Exercise details: Please copy out the entries below exactly, beginning with the line that contains "Both have the" and ending with the line that contains "- इसमें निवासियों", and include nothing outside that span.

Material for this task:
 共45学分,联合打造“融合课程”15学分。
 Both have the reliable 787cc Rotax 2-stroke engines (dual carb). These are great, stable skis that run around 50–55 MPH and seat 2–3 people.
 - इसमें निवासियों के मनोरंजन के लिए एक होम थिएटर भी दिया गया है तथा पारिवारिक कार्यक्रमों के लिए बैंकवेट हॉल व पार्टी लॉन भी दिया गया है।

---

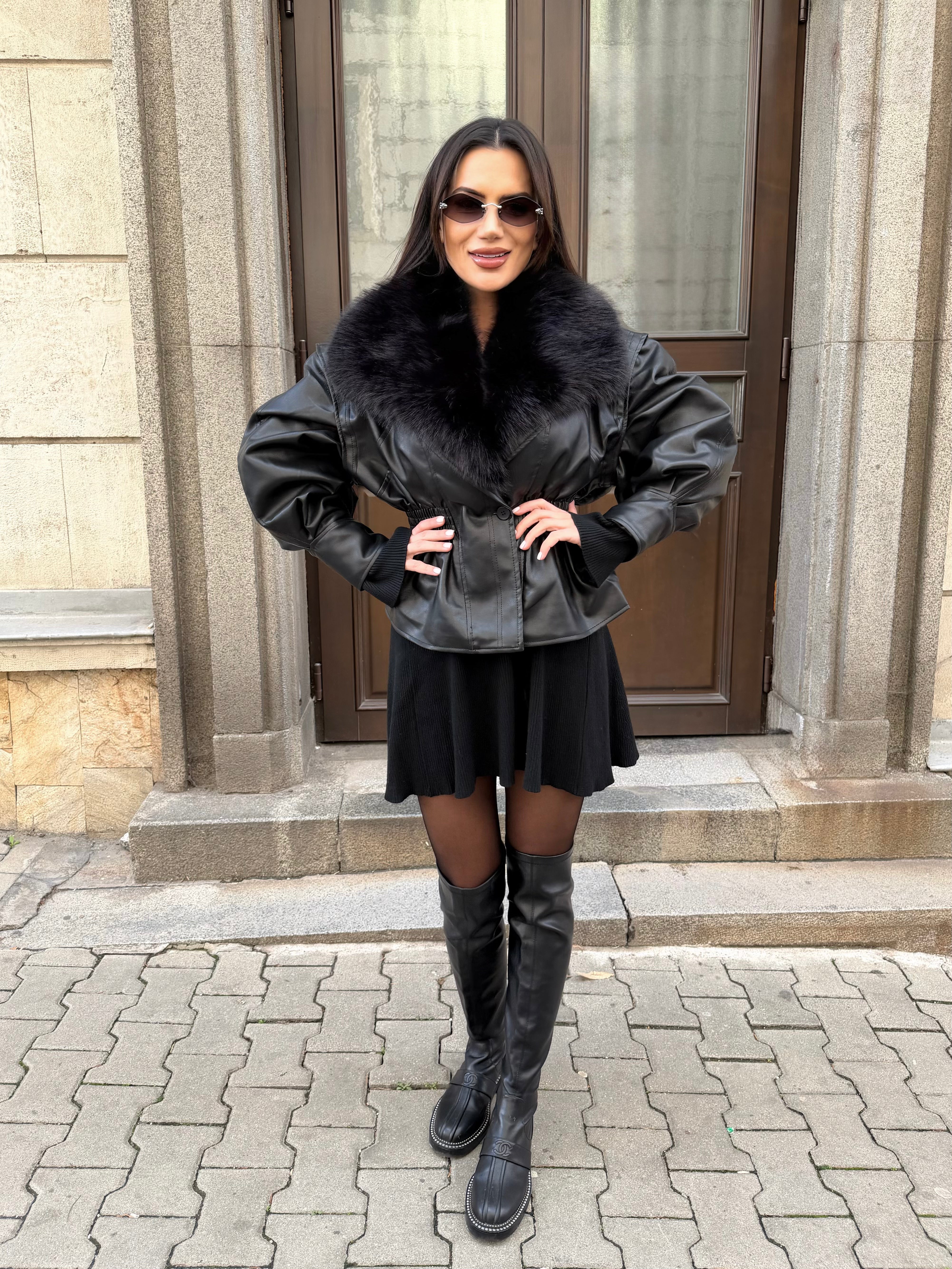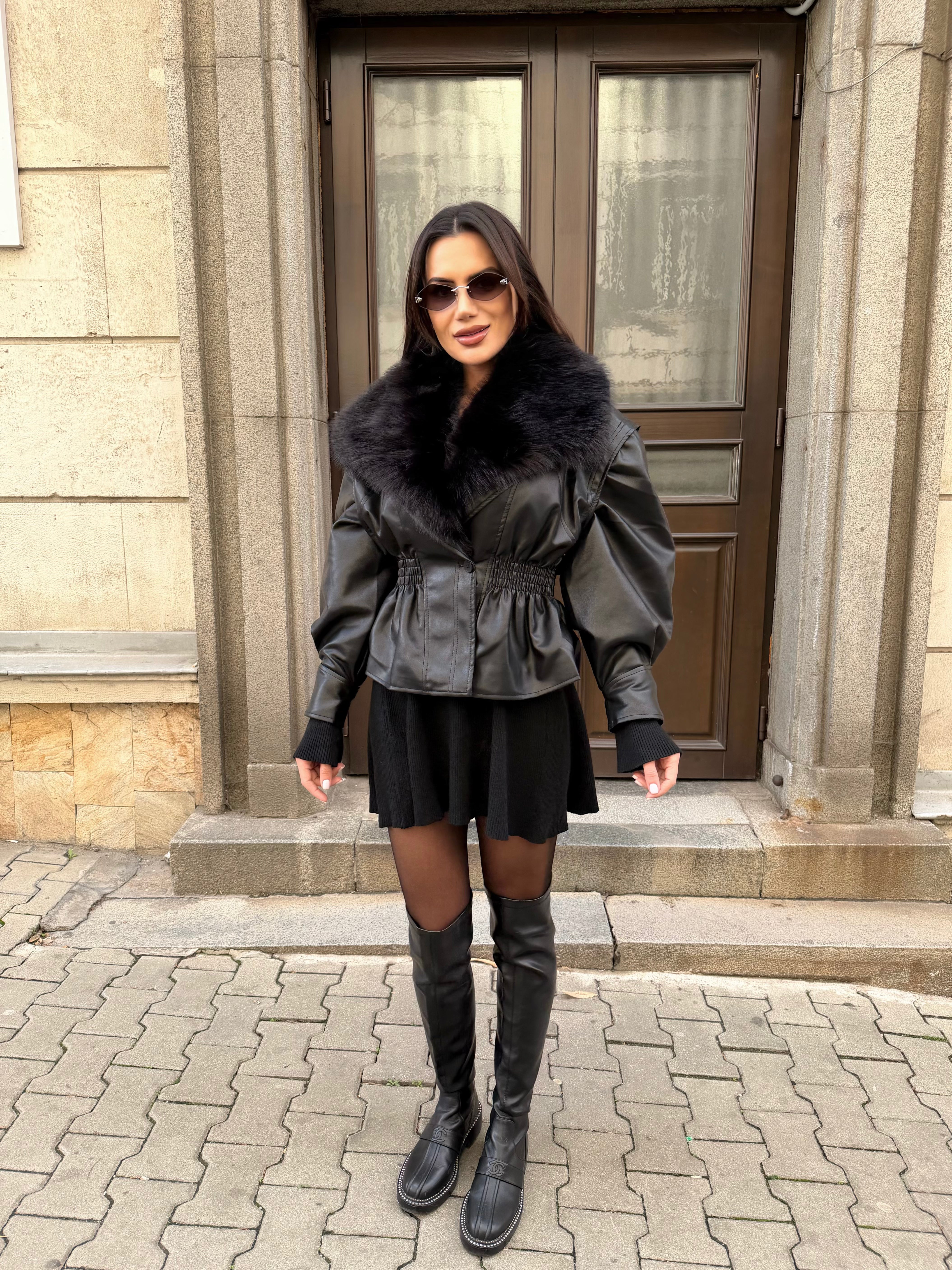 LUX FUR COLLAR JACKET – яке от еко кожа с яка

Task response:
 Both have the reliable 787cc Rotax 2-stroke engines (dual carb). These are great, stable skis that run around 50–55 MPH and seat 2–3 people.
 - इसमें निवासियों के मनोरंजन के लिए एक होम थिएटर भी दिया गया है तथा पारिवारिक कार्यक्रमों के लिए बैंकवेट हॉल व पार्टी लॉन भी दिया गया है।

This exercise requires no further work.